А в это время из глиняной развалюшки вышла, нет, важно выплыла, постукивая каблучками изящных кавушей, женщина в парандже. Не откидывая чачвана, она сварливо прикрикнула на Наргис.
— Слезь с коня! Не выпяливайся потаскухой. И ты, Баба-Калан, батыр, чего зазевался и стоишь корчагой с просом? Тиран, их высочество голохвостый, убегает... Вон уже солнце повернуло к закату. Ты что же, Наргис, воображаешь, эмир забыл про нас с тобой?!. Знаешь, что нам будет, если он вернется. Посадит он тебя на раскаленную докрасна железяку. Вспомнишь свое безумное бахвальство... А раз раскрыла рот, то знай, что нужно его закрыть. Вы думаете, что Сеид Алимхан дожидается, пока его поймают краснозвездные отряды? Кровопийца Сеид Алимхан бежит уже, как заяц. А вытереть сопли и взяться за дело никто из вас не собирается. Да вы, я вижу, струсили перед ним!..
— Тревога!
Крик стряхнул со всех одурь и растерянность. Из облака пыли выехали новые всадники. Они с первого взгляда не были вооружены. По крайней мере винтовок у них не было видно. Не слезая с коня, первый из всадников, судя по обмундированию, командир Красной Армии, сорвал с головы буденовку, чтобы вытереть мокрый от пота воспаленный лоб.
— Баба-Калан, ты почему здесь?
— Брат? Ты?
Только теперь Баба-Калан узнал гидротехника Алешу. Так он почернел и погудел.
— Скорее! Эмир въехал на плотину... Мне сейчас передали. С ним наемники и ширбачи.
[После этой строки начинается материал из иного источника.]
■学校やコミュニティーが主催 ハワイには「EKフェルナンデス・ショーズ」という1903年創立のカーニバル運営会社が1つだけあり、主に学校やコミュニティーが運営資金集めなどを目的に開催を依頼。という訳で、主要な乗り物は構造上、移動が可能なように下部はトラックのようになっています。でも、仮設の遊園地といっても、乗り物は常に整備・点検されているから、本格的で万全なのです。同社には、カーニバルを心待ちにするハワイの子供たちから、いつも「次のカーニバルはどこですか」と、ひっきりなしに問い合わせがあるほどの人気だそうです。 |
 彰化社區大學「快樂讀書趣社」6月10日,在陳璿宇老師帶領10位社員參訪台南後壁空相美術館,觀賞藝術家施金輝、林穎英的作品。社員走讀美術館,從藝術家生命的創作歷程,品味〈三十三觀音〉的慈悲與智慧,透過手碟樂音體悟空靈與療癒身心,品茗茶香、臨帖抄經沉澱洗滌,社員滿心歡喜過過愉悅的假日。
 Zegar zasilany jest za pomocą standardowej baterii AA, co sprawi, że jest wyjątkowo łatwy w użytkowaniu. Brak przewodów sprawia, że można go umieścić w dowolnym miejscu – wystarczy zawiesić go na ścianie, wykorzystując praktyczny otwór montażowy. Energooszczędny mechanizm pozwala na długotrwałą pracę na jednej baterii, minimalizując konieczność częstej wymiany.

Слова гидротехника произвели на Сахиба Джеляла необыкновенное действие. Он, несмотря на ранение, встал с возгласом:
— Скорее! Догнать его!
Сейчас же гаси огонь,
пока еще можешь погасить.
Если пламя разгорится,
сожжет весь мир.
Не давай врагу натянуть
тетиву лука,
Пока сам можешь
пустить стрелу.
Сузени
Те люди благородны, которые, отказавшись от поисков собственного счастья, стремятся к счастью для всех живых существ, которые искренно страдают страданиями остальных людей.
Викарма
— Коня!
Раненный в плечо Сахиб Джелял с помощью своих белуджей взобрался в седло и воскликнул:
— За мной!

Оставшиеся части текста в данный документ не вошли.